## HOW TO COMPLETE THIS TASK
From the first line of the data down to and including the line with "Elevate your bathroom", copy everything exactly, leaving out pictures.

## TASK MATERIAL
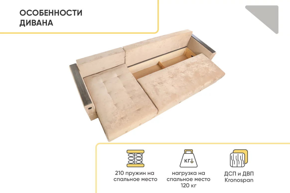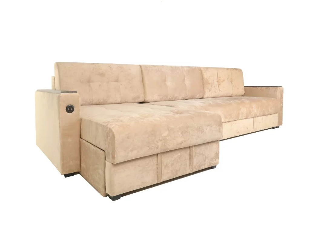- Диван угловой Тургояк c USB розеткой Бежевый Ocean 130
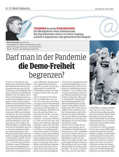 THURNHER kontr@ FLEISCHHACKER Ein Wortgefecht ohne Sichtkontakt. Die Kontrahenten sitzen vor ihren Laptops, schärfen Argumente und gehorchen drei Regeln:
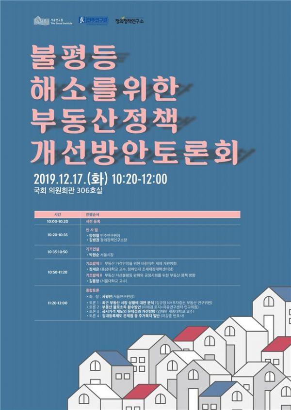 발제가 끝난 뒤에는 서왕진 서울연구장을 좌장으로 각계 전문가가 참석하는 부동산 정책 제도개선 방안에 대한 토론이 이어진다. 토론자로는 김규정 NH토자증권 부동산 연구위원 이태경 토지 자유연구센터 센터장 임재만 세종대학교 교수 이강훈 변호사가 참여해, 최근 부동산 시장 상황에 대한 분석, 부동산 불로소득 환수방안, 공시가격 제도의 문제점과 개선방향에 대해 공유하고 앞으로의 방향을 제시할 예정이다.
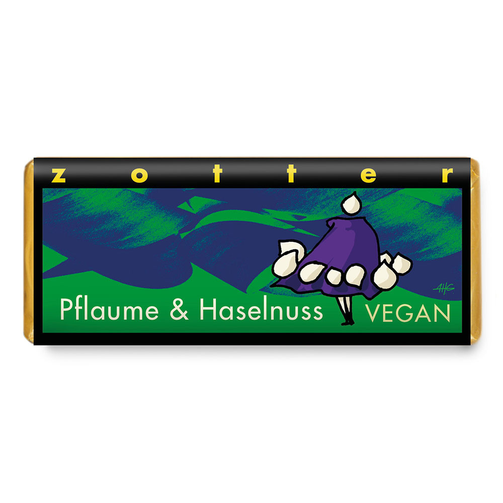 Zotter Bio 100% hořká čokoláda Švestky a ořechy, 70 g
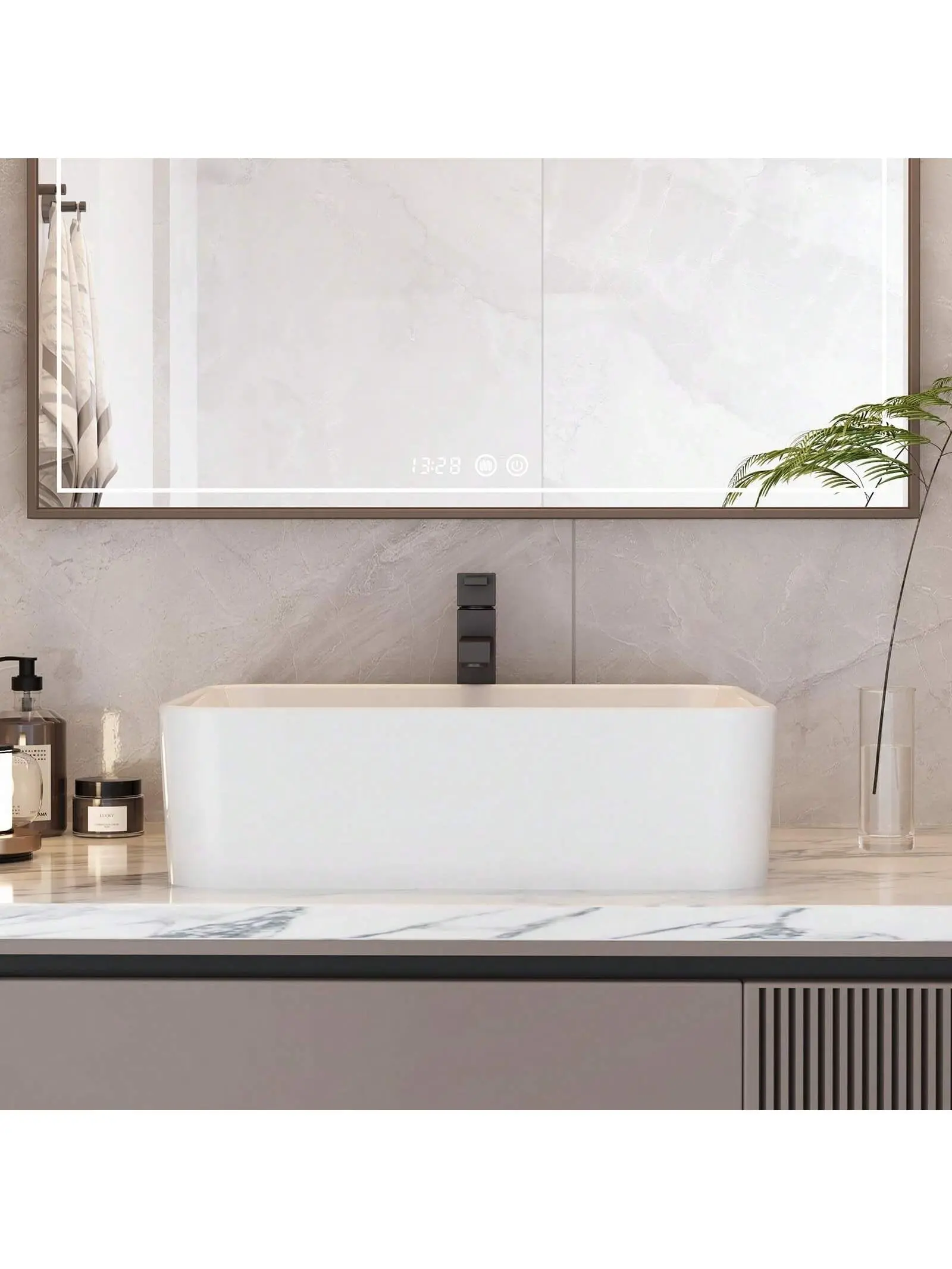 Elevate your bathroom decor with our Modern Undermount Bathroom Vessel Sink, designed to fit seamlessly into any decor style. This sink features a classic oblong shape and a white finish, making it an elegant addition to your home, restaurant, office building, school, or indoor or outdoor space.
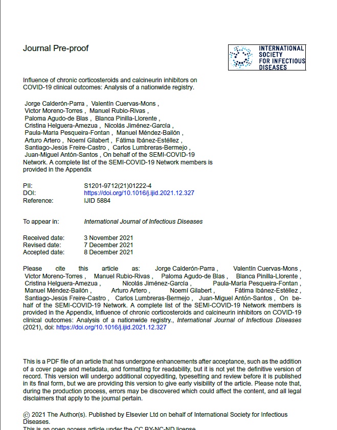 Juan Miguel Antón Santos, del servicio de Medicina interna y otros miembros del grupo SEMI-COVID-19, han participado en el estudio “Influence of chronic corticosteroids and calcineurin inhibitors on COVID-19 clinical outcomes: Analysis of a nationwide registry”, publicado en la revista Medicina Clínica. El objetivo del estudio fue analizar si los subgrupos de medicamentos inmunosupresores (IS) confieren diferentes resultados en COVID-19.
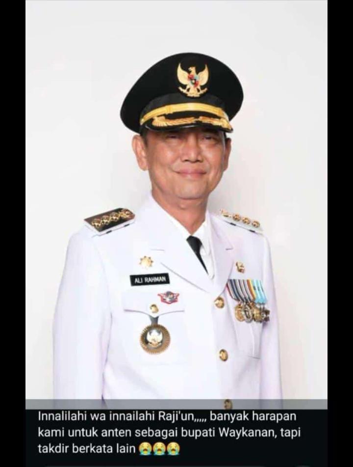 Bupati Way Kanan Periode 2025-2030, Ali Rahman dikabarkan meninggal dunia di Rumah Sakit Umum Daerah Abdul Moeloek (RSUDAM).
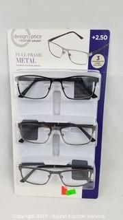 Lot #0056: 3pk Design Optics +2.5 Full Frame Reading Glasses
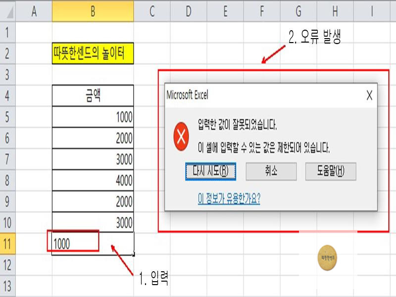 저는 최소값을 2000, 최대값을 10000으로 설정하였습니다. 즉, 이 범위의 숫자만 허용이 됩니다. 위의 그림은 B11셀에 1000은 최소값 2000과 최대값 10000 사이의 값이 아니므로 오류 창이 뜨게 됩니다. 오류 창에서 <취소>를 클릭하면 입력된 값을 취소하고 다시 입력할 수 있습니다. 이해 되셨을 것입니다. 훌륭한 기능이니 꼭 습득하시길 바라겠습니다. 이것으로 엑셀 특정 범위의 숫자만 입력하기 엑셀2010을 마치겠습니다. 긴 글 읽어주셔서 감사합니다.
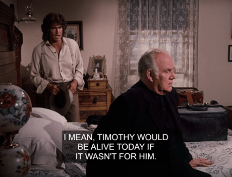 I’ve often wondered if Michael Landon had some beef in his personal life that he chose to uncover, like he did with the media in Harriet’s Happenings. Or maybe he just likes his soapbox.
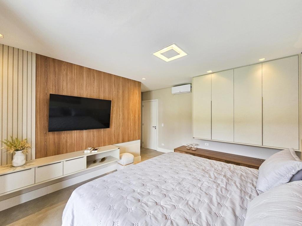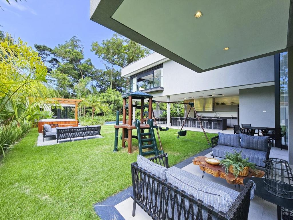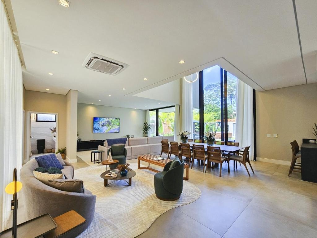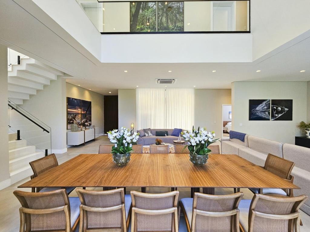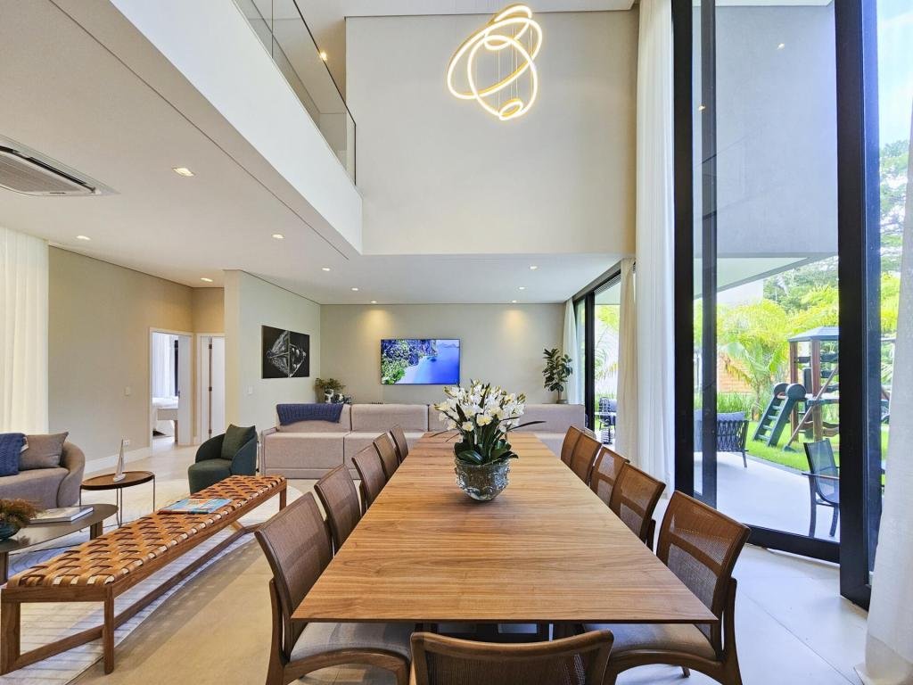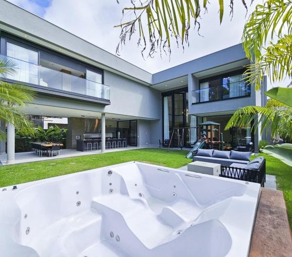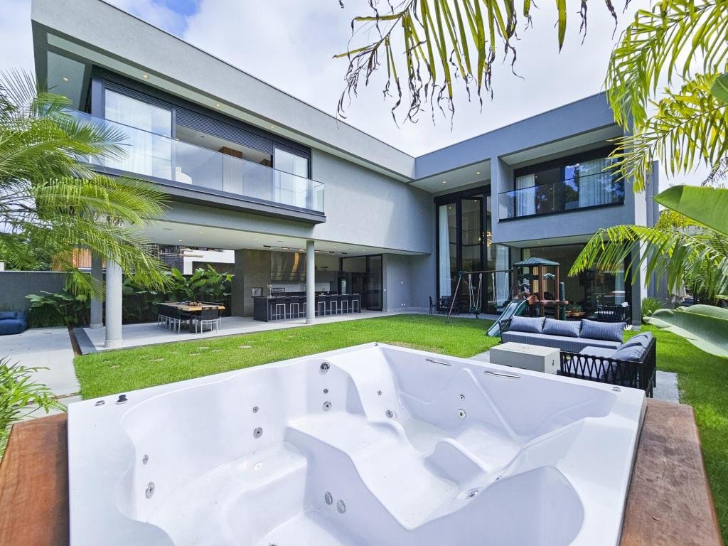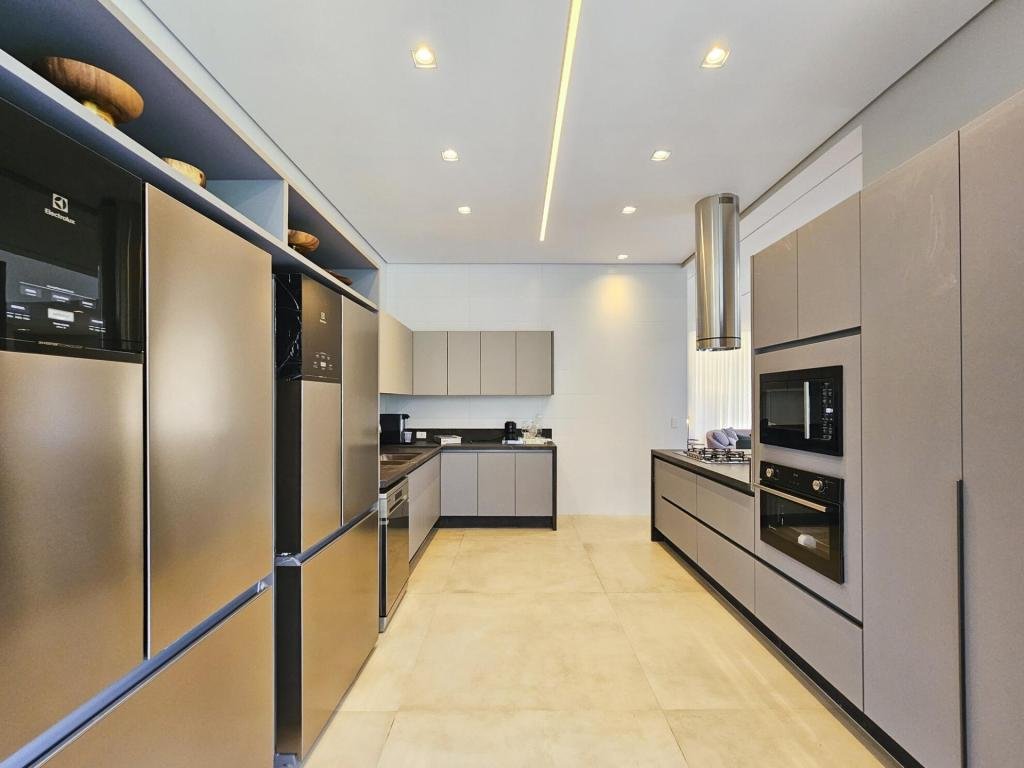 Majestosa e exuberante, é a definição para essa mansão, conta com 7 suítes, sendo uma no térreo, todas com armários embutidos e ar-condicionado, dentre elas, uma suíte master com closet e banheira (WCs Sr. e Sra), 2 pavimentos, living para 3 ambientes, com ar-condicionado, persianas automáticas, porta de entrada com fechadura eletrônica, lavabo, adega, cozinha americana, com armários, completa. Possui dormitório e WC de empregada, depósito, área de serviço, 6 vagas de garagem e uma copa no pavimento superior. Sua área de lazer oferece, piscina aquecida, climatizada e integrada com a sauna, jacuzzi, energia solar, churrasqueira e forno de pizza integrada com a cozinha, chopeira, playground, lavabo e sistema de monitoramento. A área construída é de 622,38 m2 em um terreno de 752,25 m2. A casa está toda mobiliada com móveis da kitchens, desde banheiros, quartos, cozinha e etc....Pisos e revestimentos da Portobello, bancadas em Dekton e metais Docol.

## RESULT
- Диван угловой Тургояк c USB розеткой Бежевый Ocean 130
 THURNHER kontr@ FLEISCHHACKER Ein Wortgefecht ohne Sichtkontakt. Die Kontrahenten sitzen vor ihren Laptops, schärfen Argumente und gehorchen drei Regeln:
 발제가 끝난 뒤에는 서왕진 서울연구장을 좌장으로 각계 전문가가 참석하는 부동산 정책 제도개선 방안에 대한 토론이 이어진다. 토론자로는 김규정 NH토자증권 부동산 연구위원 이태경 토지 자유연구센터 센터장 임재만 세종대학교 교수 이강훈 변호사가 참여해, 최근 부동산 시장 상황에 대한 분석, 부동산 불로소득 환수방안, 공시가격 제도의 문제점과 개선방향에 대해 공유하고 앞으로의 방향을 제시할 예정이다.
 Zotter Bio 100% hořká čokoláda Švestky a ořechy, 70 g
 Elevate your bathroom decor with our Modern Undermount Bathroom Vessel Sink, designed to fit seamlessly into any decor style. This sink features a classic oblong shape and a white finish, making it an elegant addition to your home, restaurant, office building, school, or indoor or outdoor space.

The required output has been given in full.